For the records below, print the lines from the line with "Das in seinem" through the line with "the details) |" exactly as written; include both end lines and exclude the rest.

___ DATA FOR REVIEW ___

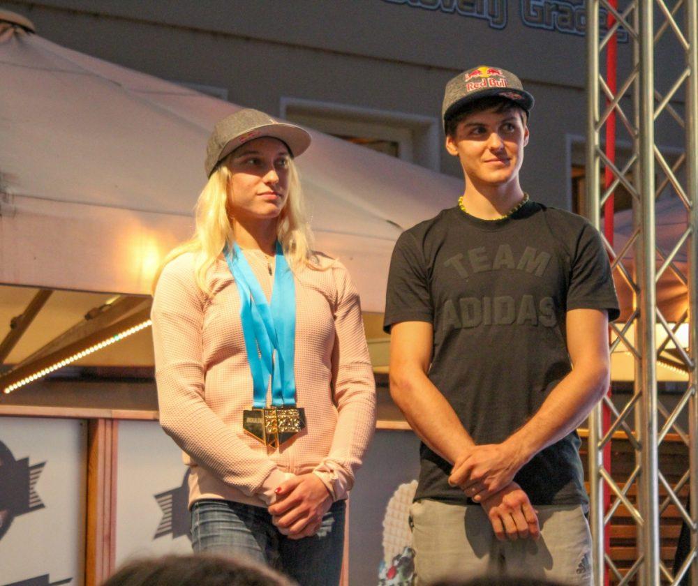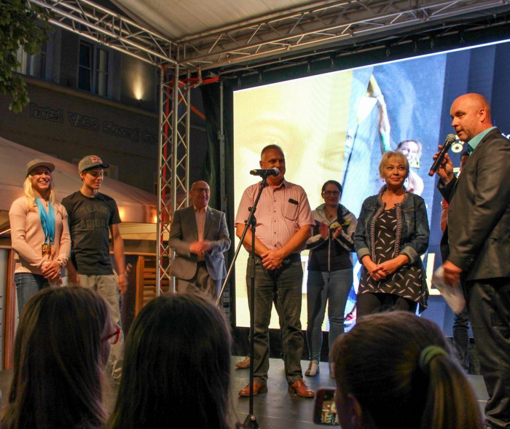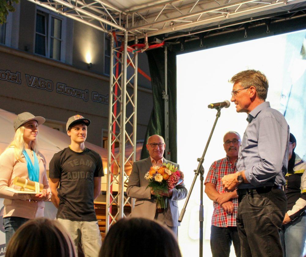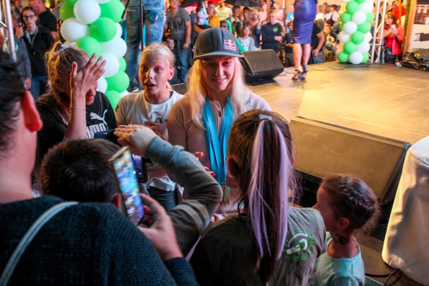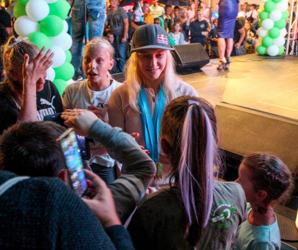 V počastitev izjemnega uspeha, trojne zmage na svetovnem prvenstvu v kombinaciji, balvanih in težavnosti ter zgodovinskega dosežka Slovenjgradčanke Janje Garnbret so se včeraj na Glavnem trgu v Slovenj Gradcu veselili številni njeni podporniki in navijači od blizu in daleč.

___
___ DATA FOR REVIEW ___

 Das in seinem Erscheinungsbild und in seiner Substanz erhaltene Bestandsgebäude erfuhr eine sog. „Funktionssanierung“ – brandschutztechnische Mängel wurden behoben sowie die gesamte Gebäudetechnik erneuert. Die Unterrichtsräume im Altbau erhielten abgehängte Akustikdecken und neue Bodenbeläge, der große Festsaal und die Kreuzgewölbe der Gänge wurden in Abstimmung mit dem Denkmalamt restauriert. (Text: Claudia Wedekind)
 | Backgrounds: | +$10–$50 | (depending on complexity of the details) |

___

» **RESULT OF THE TASK**
 Das in seinem Erscheinungsbild und in seiner Substanz erhaltene Bestandsgebäude erfuhr eine sog. „Funktionssanierung“ – brandschutztechnische Mängel wurden behoben sowie die gesamte Gebäudetechnik erneuert. Die Unterrichtsräume im Altbau erhielten abgehängte Akustikdecken und neue Bodenbeläge, der große Festsaal und die Kreuzgewölbe der Gänge wurden in Abstimmung mit dem Denkmalamt restauriert. (Text: Claudia Wedekind)
 | Backgrounds: | +$10–$50 | (depending on complexity of the details) |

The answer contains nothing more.